» Task:
Leave every picture out and return the rest of the listing verbatim.

------------

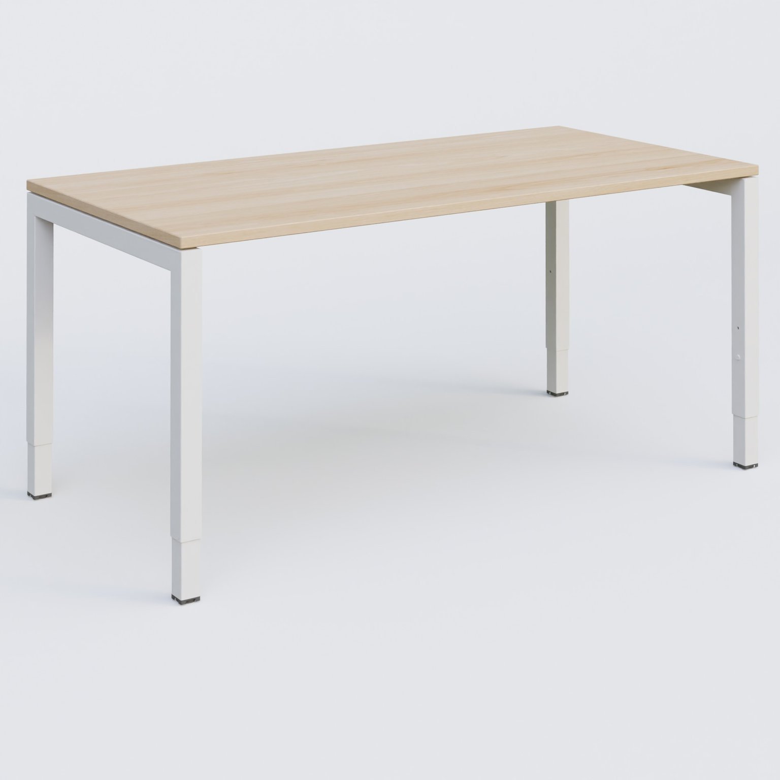Bureau droit gamme K3 160-80 cm hauteur réglable. Plateau Hêtre et pietement Blanc.
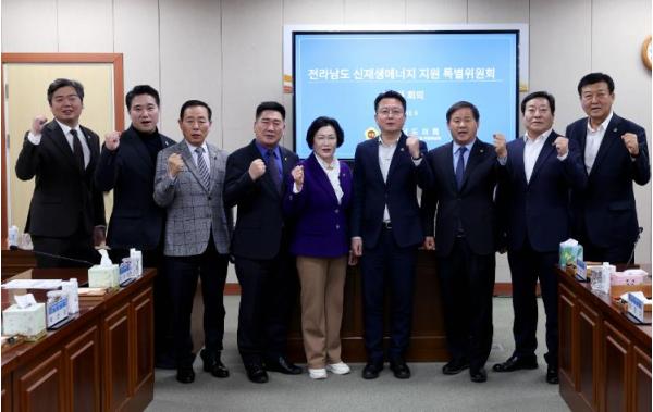 한편, 지난 5일 제376회 제2차 정례회 3차 본회의에서 통과된 전라남도 신재생에너지 지원 특별위원회는 최선국 의원이 구성 결의안을 대표 발의했으며 박원종(영광1), 김성일(해남1), 차영수(강진), 박선준(고흥2), 정길수(무안1), 최미숙(신안2), 신승철(영암1), 서대현(여수2), 김재철(보성1) 의원 10인으로 구성되어 전라남도 내 신재생에너지 산업의 경쟁력을 높이기 위한 다양한 논의와 정책 제안을 이어갈 예정이다.
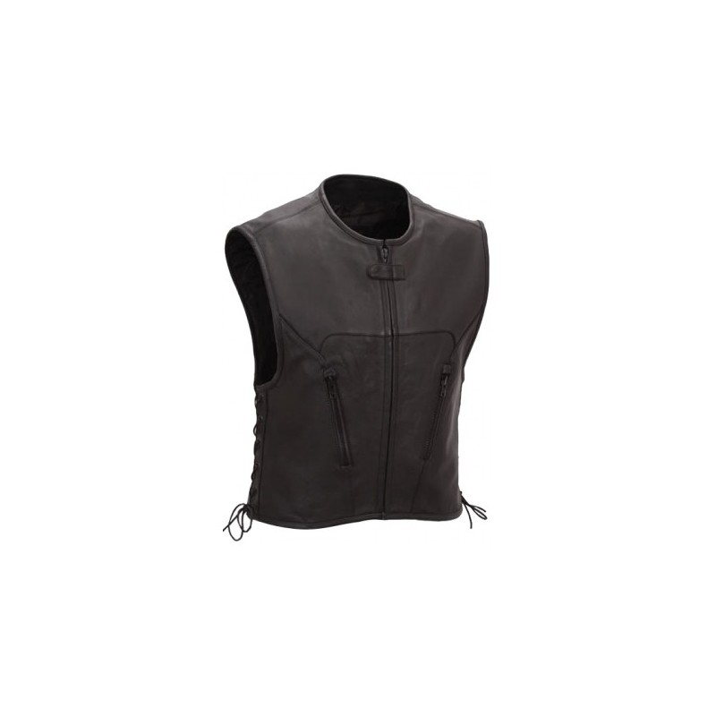 Men Black Premium Naked Leather Urban Style Motorcycle Vest with Single Panel Back. Soft Milled 1.1-1.2mm Naked Cow Hide. Unique styling details and cut lines. Black Plastic # 10 hidden front zipper, with single hidden snap closure at the collar. Leather piping trimmed generous armholes. 2 outside zippered pockets. 2 inside pockets, one zippered one snap closure. Single panel back, ideal for patches, embroidery or airbrushed art work. American sizing, ample length, very Generous oversize fit. Side Lacing for additional size adjustment. Gives this unique style a motorcycle look. Heavy duty long lasting black polyester Taffeta lining.
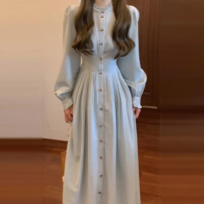 2026 春 ワンピース フレンチ 長袖 シャツワンピース 新作 ロングワンピース レディースファッション
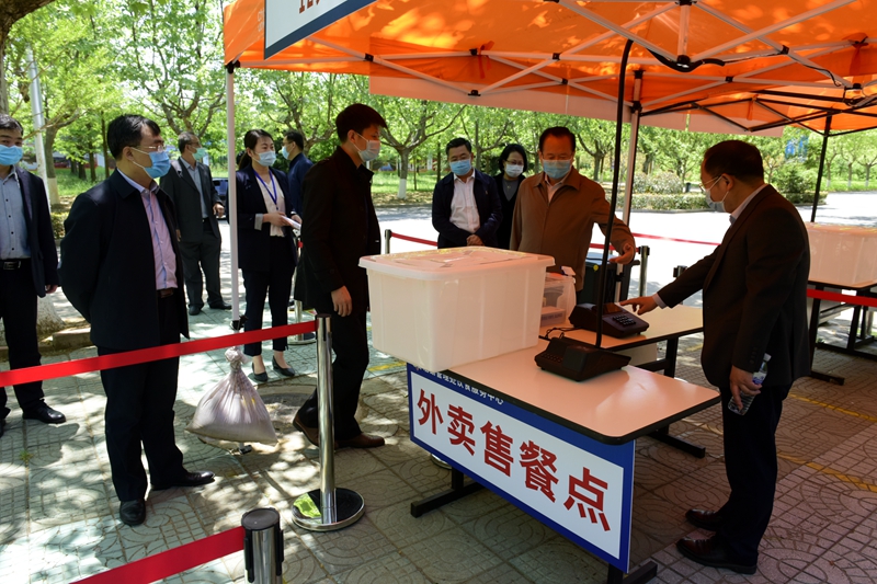 在实地检查中,罗公利不时向工作人员询问各项工作开展情况,对教学和生活区域的各项设施准备情况进行检查,详细了解学生返校后上课、住宿、用餐、收发快递等相关情况。在图书馆,他详细听取了学生返校后如何进入图书馆学习的汇报,对存在的相关问题提出进一步完善落实的要求;在教学楼及多处临时留观点,听取了相关部门对留观点等工作情况的汇报,就进一步做好做细疫情防控工作提出要求。
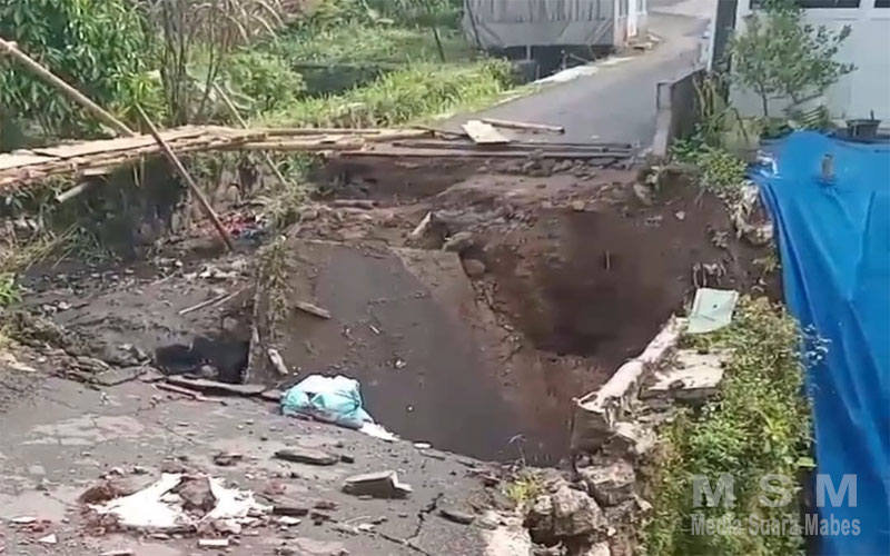Akhirnya dengan dihantam oleh Cuaca ekstrem belakangan ini jembatan tersebut akhirnya roboh total dan longsor di sempadannya sehingga sangat membahayakan pemukiman warga yang begitu padat.
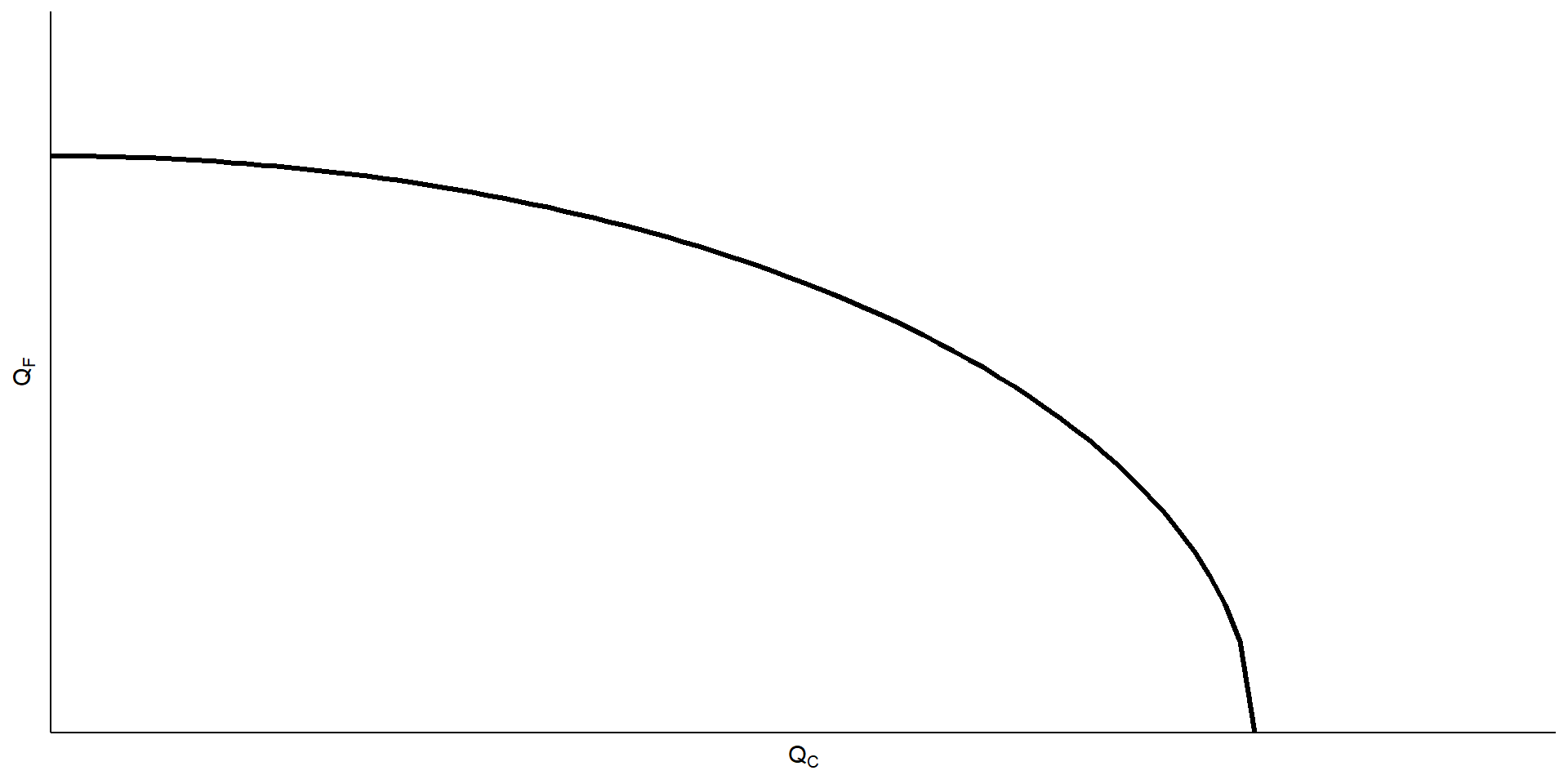 dengan kata lain, untuk menaikkan \(Q_C\) by 1 unit, \(Q_F\) harus turun by \(\frac{MPL_F}{MPL_C}\)

------------

» Response:
Bureau droit gamme K3 160-80 cm hauteur réglable. Plateau Hêtre et pietement Blanc.
 한편, 지난 5일 제376회 제2차 정례회 3차 본회의에서 통과된 전라남도 신재생에너지 지원 특별위원회는 최선국 의원이 구성 결의안을 대표 발의했으며 박원종(영광1), 김성일(해남1), 차영수(강진), 박선준(고흥2), 정길수(무안1), 최미숙(신안2), 신승철(영암1), 서대현(여수2), 김재철(보성1) 의원 10인으로 구성되어 전라남도 내 신재생에너지 산업의 경쟁력을 높이기 위한 다양한 논의와 정책 제안을 이어갈 예정이다.
 Men Black Premium Naked Leather Urban Style Motorcycle Vest with Single Panel Back. Soft Milled 1.1-1.2mm Naked Cow Hide. Unique styling details and cut lines. Black Plastic # 10 hidden front zipper, with single hidden snap closure at the collar. Leather piping trimmed generous armholes. 2 outside zippered pockets. 2 inside pockets, one zippered one snap closure. Single panel back, ideal for patches, embroidery or airbrushed art work. American sizing, ample length, very Generous oversize fit. Side Lacing for additional size adjustment. Gives this unique style a motorcycle look. Heavy duty long lasting black polyester Taffeta lining.
 2026 春 ワンピース フレンチ 長袖 シャツワンピース 新作 ロングワンピース レディースファッション
 在实地检查中,罗公利不时向工作人员询问各项工作开展情况,对教学和生活区域的各项设施准备情况进行检查,详细了解学生返校后上课、住宿、用餐、收发快递等相关情况。在图书馆,他详细听取了学生返校后如何进入图书馆学习的汇报,对存在的相关问题提出进一步完善落实的要求;在教学楼及多处临时留观点,听取了相关部门对留观点等工作情况的汇报,就进一步做好做细疫情防控工作提出要求。
Akhirnya dengan dihantam oleh Cuaca ekstrem belakangan ini jembatan tersebut akhirnya roboh total dan longsor di sempadannya sehingga sangat membahayakan pemukiman warga yang begitu padat.
 dengan kata lain, untuk menaikkan \(Q_C\) by 1 unit, \(Q_F\) harus turun by \(\frac{MPL_F}{MPL_C}\)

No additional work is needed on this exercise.